Не ограничиваясь банальным перечислением благ, которыми мне предстояло бесплатно пользоваться в ближайшие две недели, она присовокупила кое-что новенькое:
— А контингент тут какой! Сплошные дипломаты и люди искусства. Вон в той даче, с башенками, знаешь кто живет? Широкорядов! — торжественно выдала она.
Я на скорую руку покопалась в запасниках памяти, пытаясь выскрести какую-нибудь ассоциацию с фамилией Широкорядов, но так ничего и не нарыла.
— Это кто ж такой?
Нинон не стала пенять на мое невежество и с готовностью разъяснила:
— Петр Широкорядов — поэт-песенник, очень успешный, его песни даже Пугачева поет.
Имя суперпримы возымело на меня почти магическое действие, я даже повнимательнее присмотрелась к особняку с башенками, благо мы как раз с ним поравнялись.
Соседняя дача, кстати говоря, была нисколько не хуже поэтовой, хотя и в несколько ином стиле, без особенных излишеств, но с размахом.
— А тут кто живет? Композитор, поди? — поинтересовалась я.
— А тут пока еще никто, — ответствовала Нинон, — вообще-то это была дача одного дипломата, но он ее кому-то продал. Нового хозяина я еще ни разу не видела, знаю только, что он нанял шабашников-молдаван, и они целый день громыхают железяками и матом ругаются.

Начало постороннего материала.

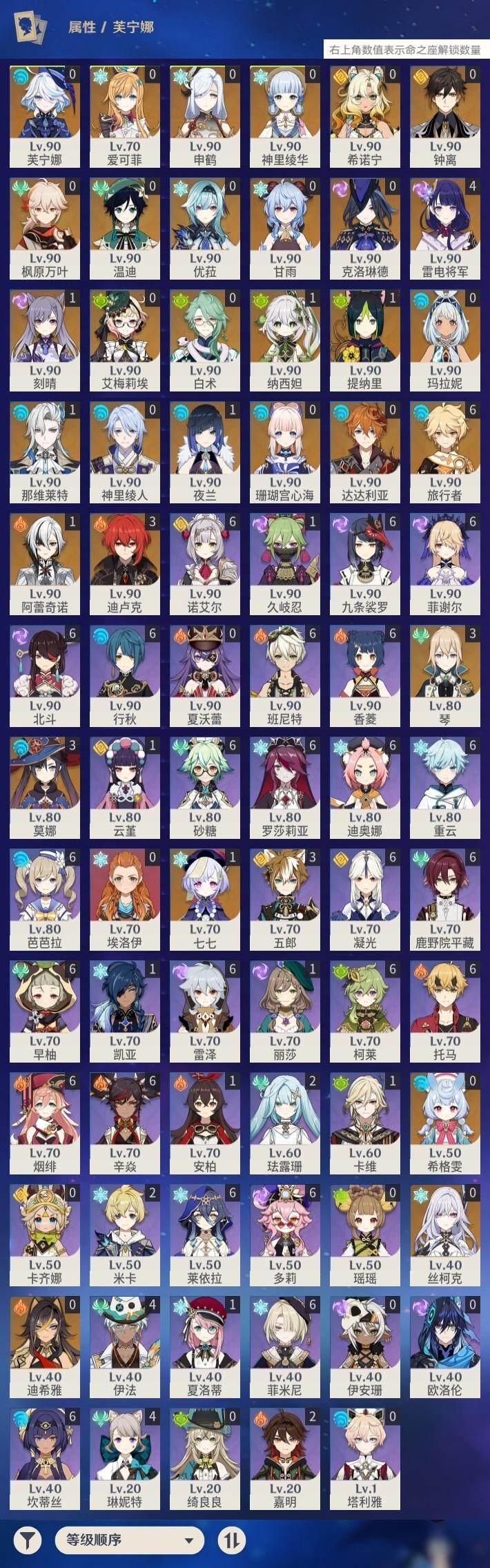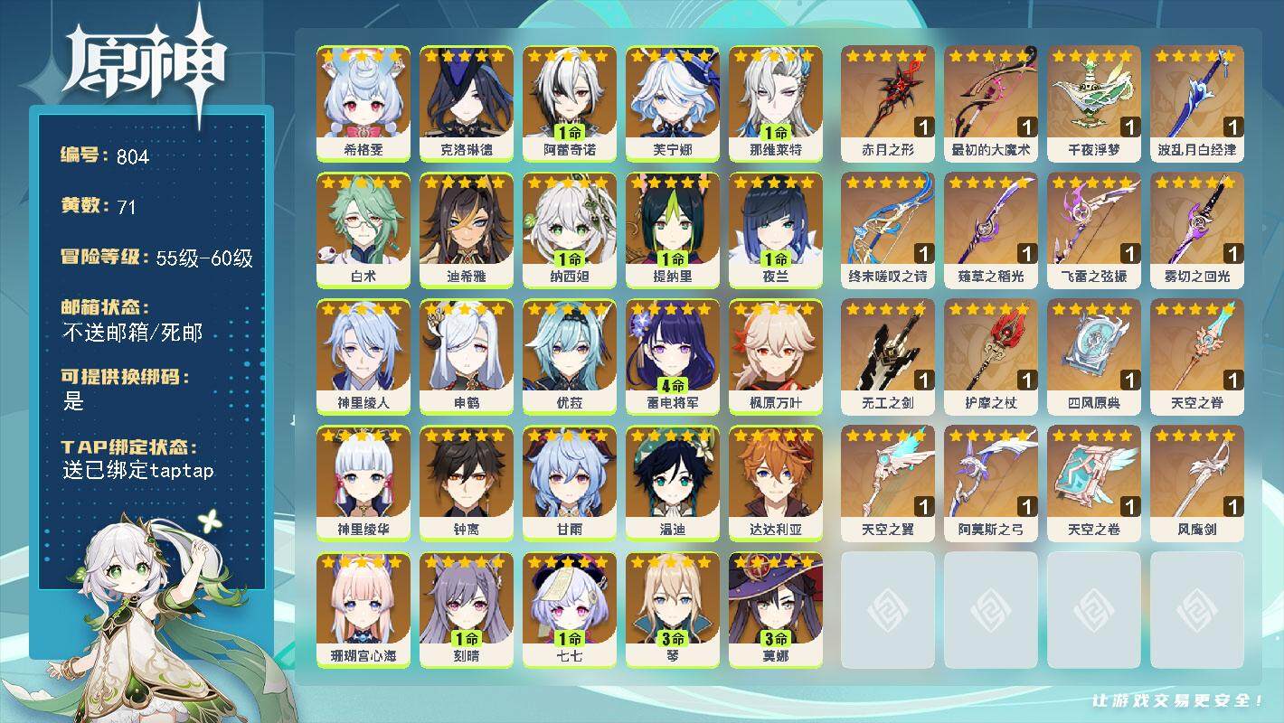 [13581644]60级/71黄/男主/31个五星角色/20个五星武器 0命希格雯0命克洛琳德1命阿蕾奇诺0命芙宁娜1命那维莱特0命白术0命迪希雅1命纳西妲1命提纳里1命夜兰0命神里绫人0命申鹤0命优菈4命雷电将军0命枫原万叶0命神里绫华0命钟离0命甘雨0命温迪0命达达利亚0命珊瑚宫心海1命刻晴1命七七3命琴3命莫娜3命迪卢克0命希诺宁0命玛拉妮0命艾梅莉埃0命爱可菲0命丝柯克精1赤月之形精1最初的大魔术精1千夜浮梦精1波乱月白经津精1终末嗟叹之诗精1薙草之稻光精1飞雷之弦振精1雾切之回光精1无工之剑精1护摩之杖精1四风原典精1天空之脊精1天空之翼精1阿莫斯之弓精1天空之卷精1风鹰剑

Словно в подтверждение ее слов, из небольшого строительного вагончика, стоящего во дворе бывшей дипломатической, а теперь неизвестно чьей дачи, потягиваясь и позевывая, вывалился дочерна загорелый верзила в вылинявших трениках и с колтуном в каштановых кудрях и уныло завернул за угол кирпичного особняка. И уже через минуту мы с Нинон услышали мерный металлический звук.
— Вот так каждый день, — тоскливо констатировала Нинон. — Сваи они там забивают, что ли?
Следующий дачный участок утопал в зелени и цветах, даже кирпичные стены двухэтажного дома были увиты какими-то диковинными вьющимися растениями.
Я не успела спросить, кому принадлежит этот оазис, Нинон сама меня просветила:
— Мои соседи, Остроглазовы. Он — банкир, а она… А она просто при нем. Истеричная дамочка, между нами. Еще получишь возможность познакомиться. Как поругается с мужем, всегда ко мне бежит плакаться в жилетку, будто я ей родственница какая. Потом он приходит, начинает ее уговаривать, а я у них вместо международного арбитра. Так сказать, улаживаю семейные конфликты.
Я посмотрела на Нинон другими глазами. Нинон, улаживающая чужие семейные конфликты, — как это не похоже на то, что я знала о ней прежде.
Выходит, неумолимое время отразилось и на ней, сделав проще и яснее.
Нинон же истолковала мой взгляд по-своему и поспешила меня успокоить:
— Нет, ты только не думай, они нормальные люди, просто со своими заморочками. К тому же их сейчас все равно нет, наверное, в пятницу приедут.
В пятницу, мысленно прикинула я, а сегодня вторник, значит, по крайней мере ближайшие два дня на лоне природы обойдутся без семейных скандалов с участием Нинон в качестве международного арбитра.
— А вот и моя фазенда! — тем временем объявила Нинон и окинула ревниво-ласковым взглядом хозяйки хорошенький полутораэтажный коттедж из белого кирпича, с мансардой и террасой.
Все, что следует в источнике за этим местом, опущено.